> AVAILABLE DATA:
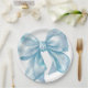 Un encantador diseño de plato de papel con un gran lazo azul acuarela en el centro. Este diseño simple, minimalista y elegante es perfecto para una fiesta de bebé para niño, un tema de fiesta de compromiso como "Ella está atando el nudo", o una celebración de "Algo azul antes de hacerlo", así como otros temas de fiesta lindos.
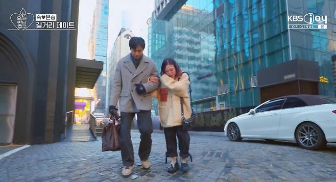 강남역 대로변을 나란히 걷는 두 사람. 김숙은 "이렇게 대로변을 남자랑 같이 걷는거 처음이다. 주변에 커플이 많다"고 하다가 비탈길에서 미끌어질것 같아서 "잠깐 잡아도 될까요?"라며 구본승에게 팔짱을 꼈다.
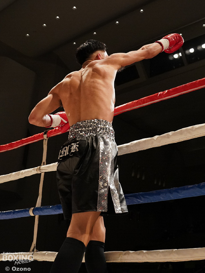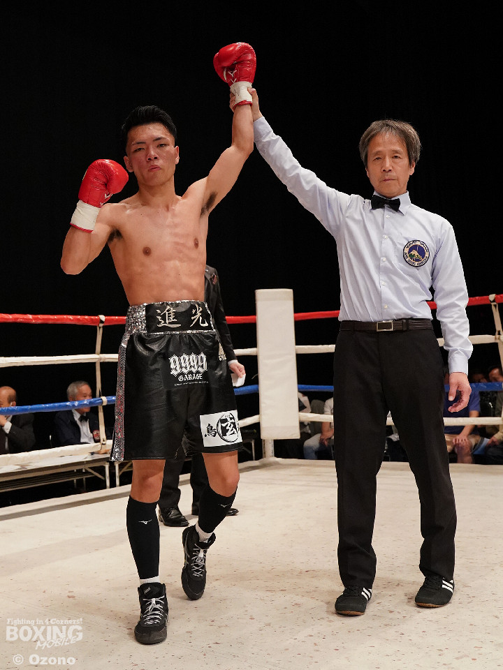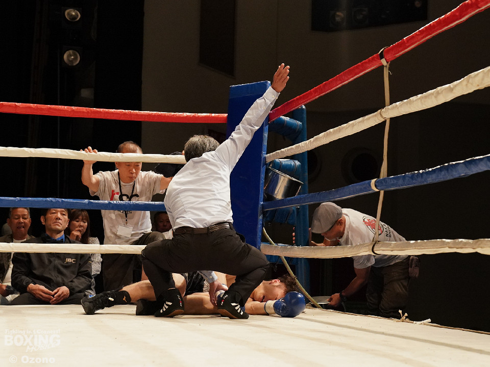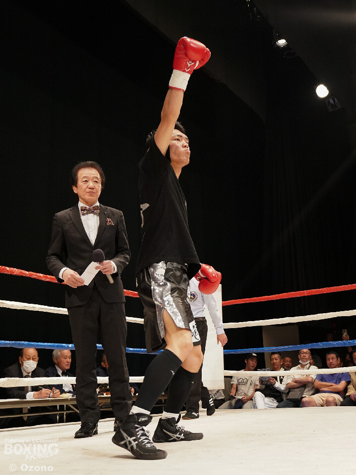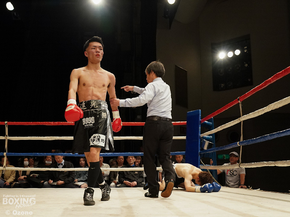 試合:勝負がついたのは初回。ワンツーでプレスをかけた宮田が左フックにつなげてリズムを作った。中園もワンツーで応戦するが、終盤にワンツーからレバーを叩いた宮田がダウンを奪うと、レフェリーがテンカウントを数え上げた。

==

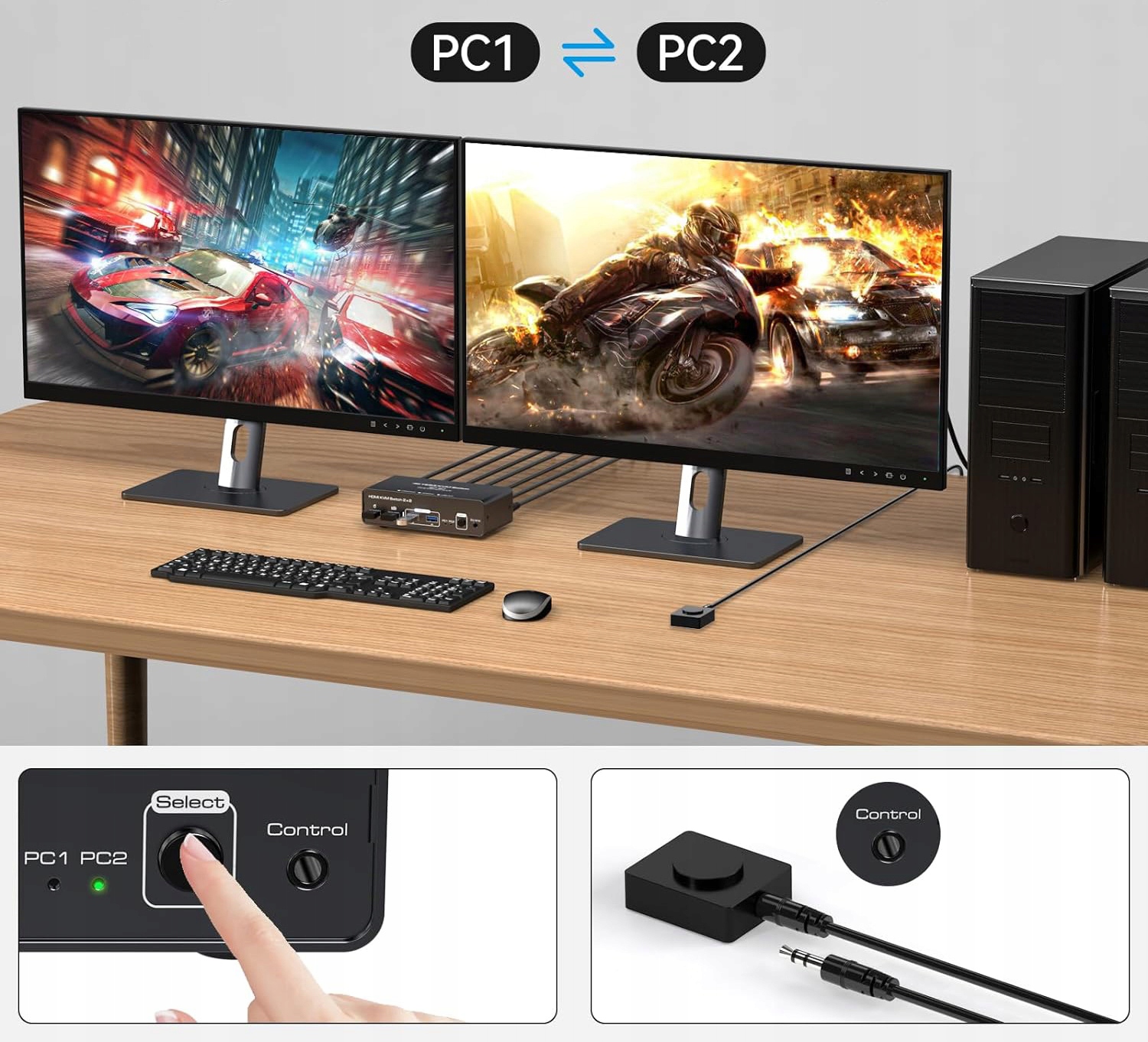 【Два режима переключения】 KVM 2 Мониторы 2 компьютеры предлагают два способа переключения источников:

> ASSIGNMENT: The result should be an exact copy of only the lines above from the one that holds "Un encantador diseño" through the one that holds "試合:勝負がついたのは初回。", both ends included, without pictures.

> SOLVED EXERCISE:
 Un encantador diseño de plato de papel con un gran lazo azul acuarela en el centro. Este diseño simple, minimalista y elegante es perfecto para una fiesta de bebé para niño, un tema de fiesta de compromiso como "Ella está atando el nudo", o una celebración de "Algo azul antes de hacerlo", así como otros temas de fiesta lindos.
 강남역 대로변을 나란히 걷는 두 사람. 김숙은 "이렇게 대로변을 남자랑 같이 걷는거 처음이다. 주변에 커플이 많다"고 하다가 비탈길에서 미끌어질것 같아서 "잠깐 잡아도 될까요?"라며 구본승에게 팔짱을 꼈다.
 試合:勝負がついたのは初回。ワンツーでプレスをかけた宮田が左フックにつなげてリズムを作った。中園もワンツーで応戦するが、終盤にワンツーからレバーを叩いた宮田がダウンを奪うと、レフェリーがテンカウントを数え上げた。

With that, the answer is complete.